Repeat the listing below line by line, exactly, leaving its pictures behind.

Task material —
+-------+
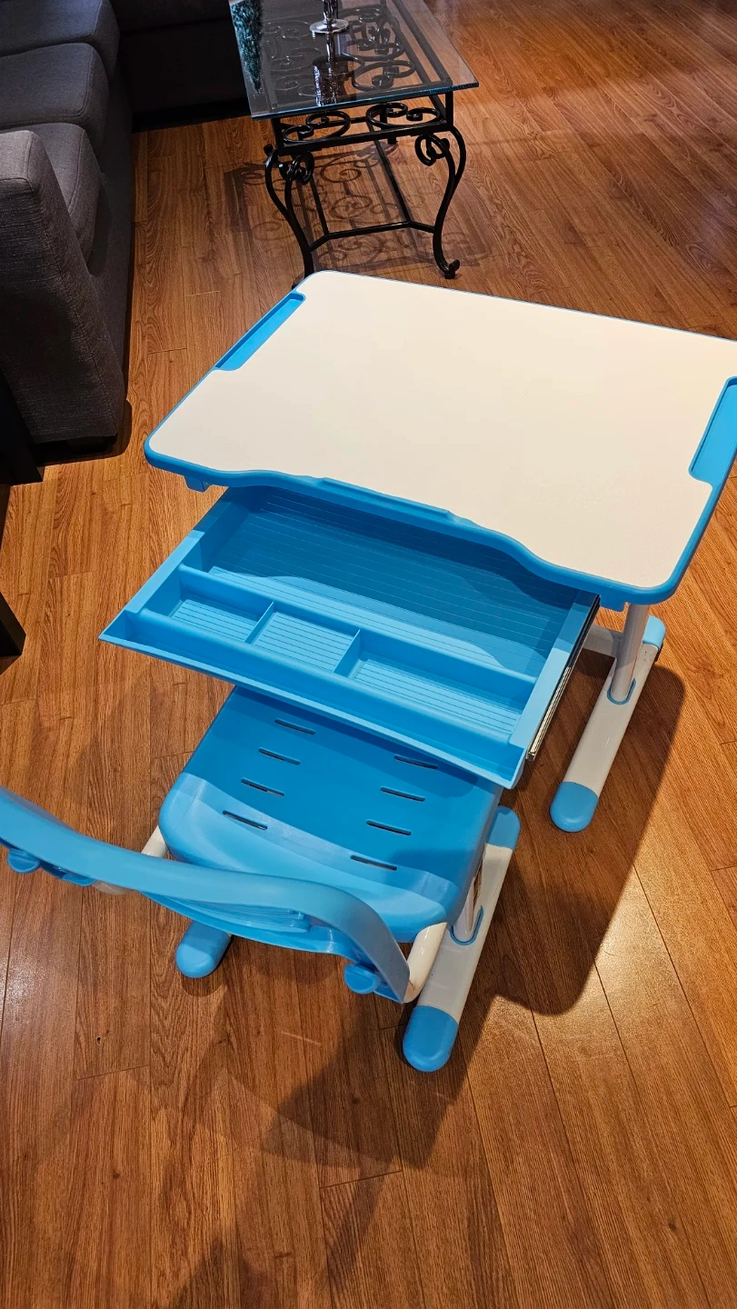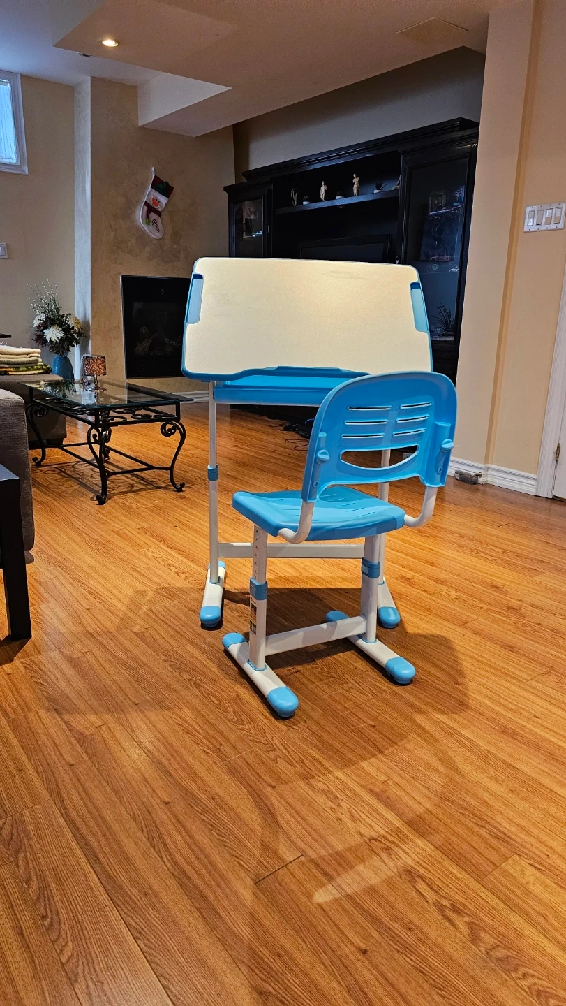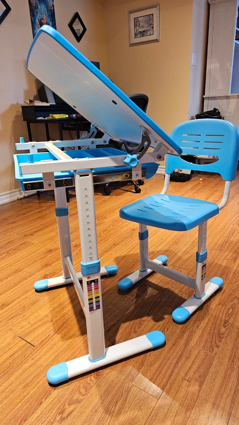 Adjustable Kids Desk and Chair Set - Blue & White
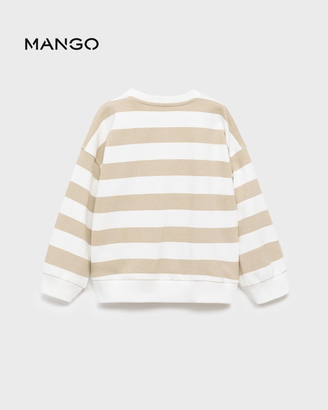 100% cotton fabric. Oversized design. Stripe design. Round neck. Long sleeve. Two side pockets. Ribbed collar, cuffs and hem.
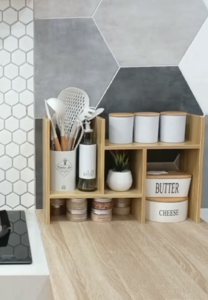 المطبخ ديالي كان كيعطيني صداع، التوابل والكؤوس مكدسين. دابا، مع الرف، كلشي منظم وقدامي بطريقة عملية وجميلة.
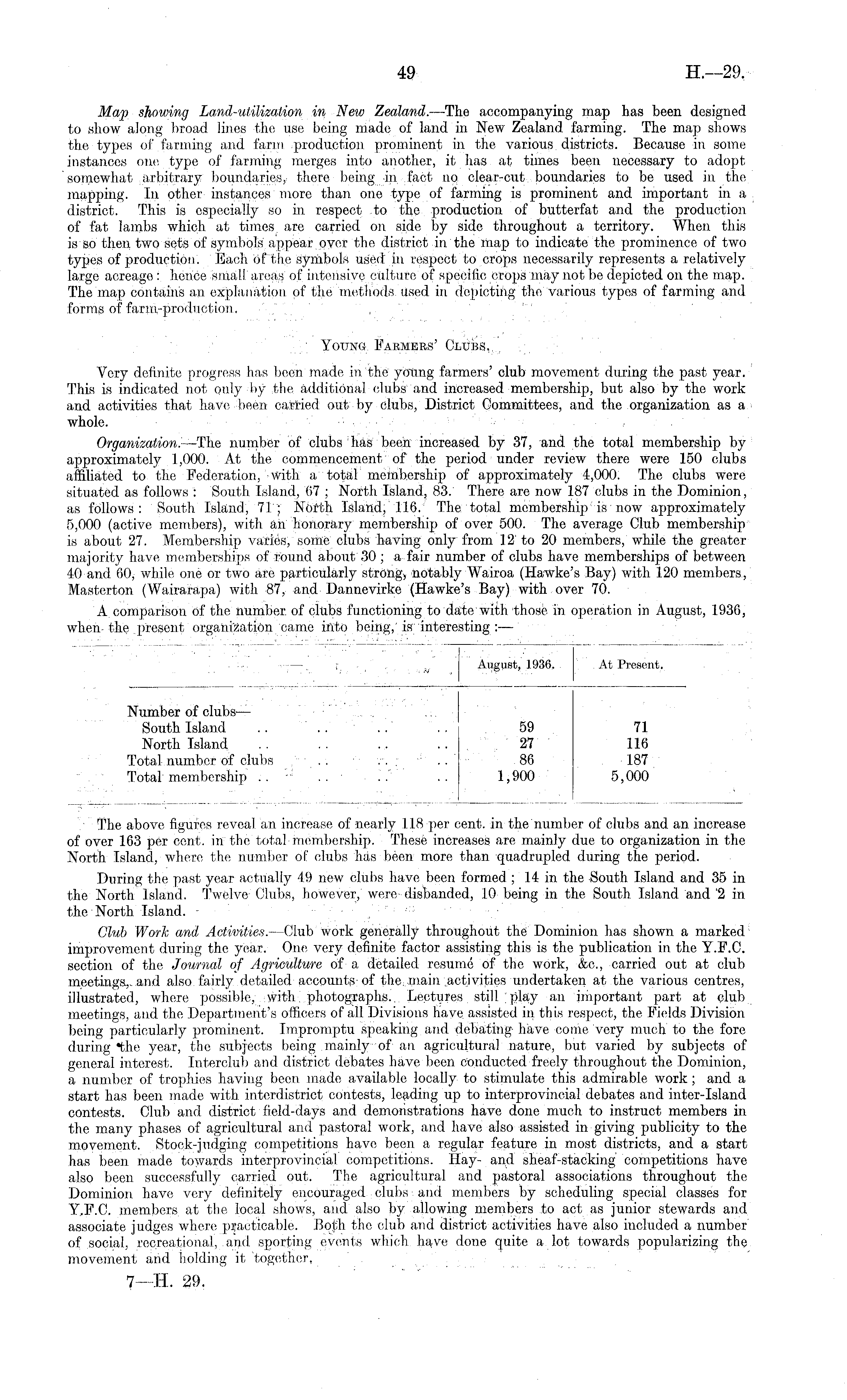 Map showing Land-utilization in New Zealand. -The accompanying map has been designed to show along broad lines the use being made of land in New Zealand farming. The map shows the types of farming and farm production prominent in the various districts. Because in some instances one type of farming merges into another, it has at times been necessary to adopt somewhat arbitrary boundaries, there being in fact no clear-cut boundaries to be used in the mapping. In other instances more than one type of farming is prominent and important in a district. This is especially so in respect to the production of butterfat and the production of fat lambs which at times are carried oil side by side throughout a territory. When this is so then two sets of symbols appear over the district in the map to indicate the prominence of two types of production . Each of the symbols used in respect to crops necessarily represents a relatively large acreage: hence small areas' of intensive culture of specific crops may not be depicted on the map. The map contains an explanation of the methods Used in depicting the various types of farming and forms of farm-production. Young Farmers' Clubs,. , Very definite progress has been made in the yotmg farmers' club movement during the past year. This is indicated not only by the additional clubs and increased membership, but also by the work and activities that have been carried out by clubs, District Committees, and the organization as a whole. Organization. —The number of clubs has been increased by 37, and the total membership by approximately 1,000. At the commencement of the period under review there were 150 clubs affiliated to the Federation, with a total membership of approximately 4,000. The clubs were situated as follows : South Island, 67 ; North Island, 83. There are now 187 clubs in the Dominion, as follows: South Island, 71; North Island, 116. The total membership is now approximately 5,000 (active members), with an honorary membership of over 500. The average Club membership is about 27. Membership varies, some clubs having only from 12 to 20 members, while the greater majority have memberships of round about/30 ; a fair number of clubs have memberships of between 40 and 60, while one or two are particularly strong, notably Wairoa (Hawke's Bay) with 120 members, Masterton (Wairarapa) with 87, and Dannevirke (Hawke's Bay) with over 70. A comparison of the number of clubs functioning to date with those in operation in August, 1936, when the present organization came into being, is interesting : —
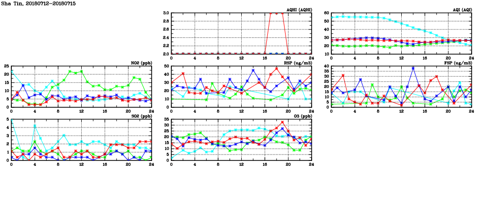 | Air Quality Data Time Series in Sha Tin (2018/07/15) | ( Line colors: Day -3 Day -2 Day -1 Current day ) | 2D Map Current AQHI |
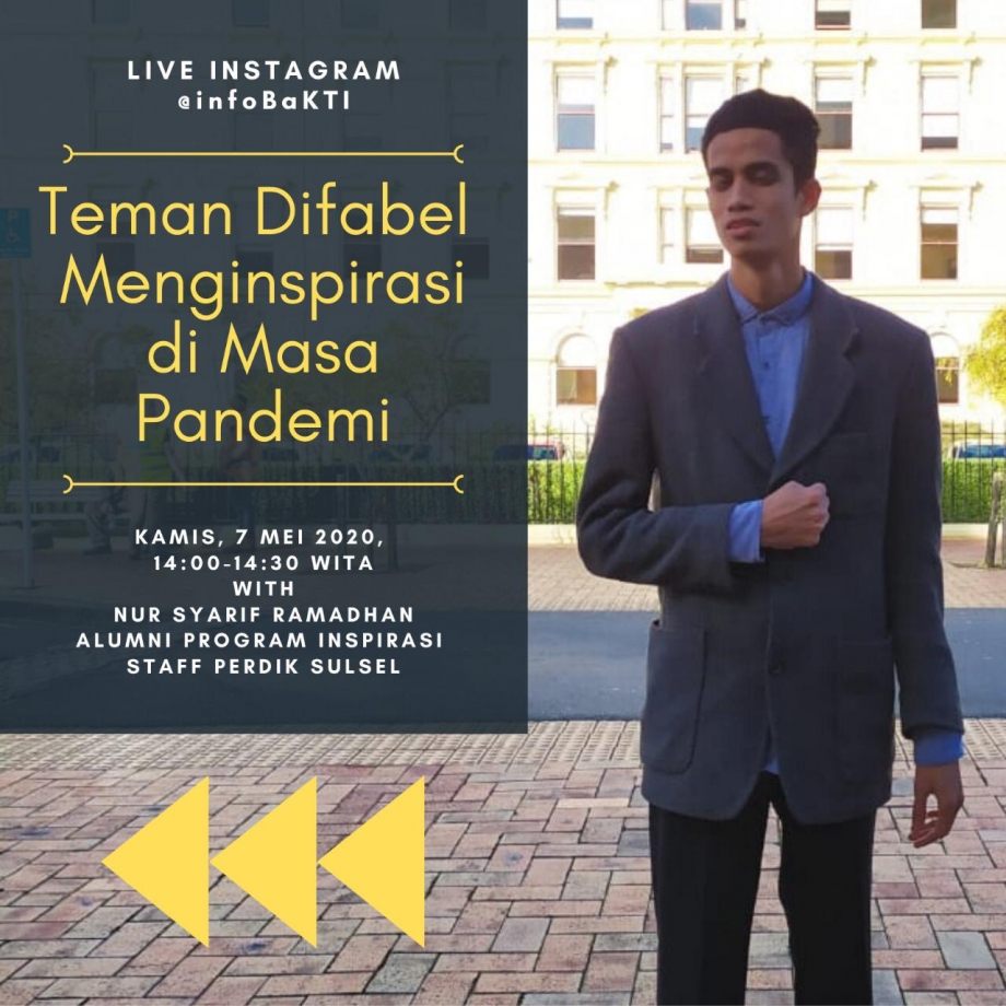 1. Tanggal 7 Mei 2020, narasumber Nur Syarif Ramadhan, Alumni Program INSPIRASI 2019 dan Staf PerDIK (Pergerakan Difabel Indonesia untuk Kesetaraan) Sulawesi Selatan. Syarif berbagi pengalaman selama di Selandia Baru, bagaimana pemerintah di sana mengakomodasi warga difabel dalam mengakses pendidikan inklusif dan berkesempatan mengunjungi salah satu institusi pendidikan inklusif bernama BLENNZ (Blind and Lowvision Education Network New Zealand). BLENNZ adalah tempat rehabilitasi sosial bagi seorang blind atau low-vision yang baru menjadi difabel ketika dewasa. Setelah kembali ke Indonesia akhir 2019, Syarif menginisiasi terbentuknya kelompok mahasiswa dan pelajar yang nantinya akan mengadvokasi pemerintah maupun pengelola pendidikan untuk mengupayakan tersedianya berbagai macam aksesibilitas yang dapat menunjang kemandirian seorang pelajar dan mahasiswa disabilitas di lingkungan kampus dan sekolah hingg terbentuknya komunitas GEMPARKAN (Gerakan Mahasiswa dan Pelajar untuk Inklusi dan Kesetaraan). Di masa pandemi COVID-19, Syarif bersama PerDIK Sulsel bergerak menolong sesama kaum difabel khususnya lansia yang terdampak ekonomi dengan mengumpulkan dan menyalurkan donasi berupa sembilan bahan pokok.
+-------+
Output below —
 Adjustable Kids Desk and Chair Set - Blue & White
 100% cotton fabric. Oversized design. Stripe design. Round neck. Long sleeve. Two side pockets. Ribbed collar, cuffs and hem.
 المطبخ ديالي كان كيعطيني صداع، التوابل والكؤوس مكدسين. دابا، مع الرف، كلشي منظم وقدامي بطريقة عملية وجميلة.
 Map showing Land-utilization in New Zealand. -The accompanying map has been designed to show along broad lines the use being made of land in New Zealand farming. The map shows the types of farming and farm production prominent in the various districts. Because in some instances one type of farming merges into another, it has at times been necessary to adopt somewhat arbitrary boundaries, there being in fact no clear-cut boundaries to be used in the mapping. In other instances more than one type of farming is prominent and important in a district. This is especially so in respect to the production of butterfat and the production of fat lambs which at times are carried oil side by side throughout a territory. When this is so then two sets of symbols appear over the district in the map to indicate the prominence of two types of production . Each of the symbols used in respect to crops necessarily represents a relatively large acreage: hence small areas' of intensive culture of specific crops may not be depicted on the map. The map contains an explanation of the methods Used in depicting the various types of farming and forms of farm-production. Young Farmers' Clubs,. , Very definite progress has been made in the yotmg farmers' club movement during the past year. This is indicated not only by the additional clubs and increased membership, but also by the work and activities that have been carried out by clubs, District Committees, and the organization as a whole. Organization. —The number of clubs has been increased by 37, and the total membership by approximately 1,000. At the commencement of the period under review there were 150 clubs affiliated to the Federation, with a total membership of approximately 4,000. The clubs were situated as follows : South Island, 67 ; North Island, 83. There are now 187 clubs in the Dominion, as follows: South Island, 71; North Island, 116. The total membership is now approximately 5,000 (active members), with an honorary membership of over 500. The average Club membership is about 27. Membership varies, some clubs having only from 12 to 20 members, while the greater majority have memberships of round about/30 ; a fair number of clubs have memberships of between 40 and 60, while one or two are particularly strong, notably Wairoa (Hawke's Bay) with 120 members, Masterton (Wairarapa) with 87, and Dannevirke (Hawke's Bay) with over 70. A comparison of the number of clubs functioning to date with those in operation in August, 1936, when the present organization came into being, is interesting : —
 | Air Quality Data Time Series in Sha Tin (2018/07/15) | ( Line colors: Day -3 Day -2 Day -1 Current day ) | 2D Map Current AQHI |
 1. Tanggal 7 Mei 2020, narasumber Nur Syarif Ramadhan, Alumni Program INSPIRASI 2019 dan Staf PerDIK (Pergerakan Difabel Indonesia untuk Kesetaraan) Sulawesi Selatan. Syarif berbagi pengalaman selama di Selandia Baru, bagaimana pemerintah di sana mengakomodasi warga difabel dalam mengakses pendidikan inklusif dan berkesempatan mengunjungi salah satu institusi pendidikan inklusif bernama BLENNZ (Blind and Lowvision Education Network New Zealand). BLENNZ adalah tempat rehabilitasi sosial bagi seorang blind atau low-vision yang baru menjadi difabel ketika dewasa. Setelah kembali ke Indonesia akhir 2019, Syarif menginisiasi terbentuknya kelompok mahasiswa dan pelajar yang nantinya akan mengadvokasi pemerintah maupun pengelola pendidikan untuk mengupayakan tersedianya berbagai macam aksesibilitas yang dapat menunjang kemandirian seorang pelajar dan mahasiswa disabilitas di lingkungan kampus dan sekolah hingg terbentuknya komunitas GEMPARKAN (Gerakan Mahasiswa dan Pelajar untuk Inklusi dan Kesetaraan). Di masa pandemi COVID-19, Syarif bersama PerDIK Sulsel bergerak menolong sesama kaum difabel khususnya lansia yang terdampak ekonomi dengan mengumpulkan dan menyalurkan donasi berupa sembilan bahan pokok.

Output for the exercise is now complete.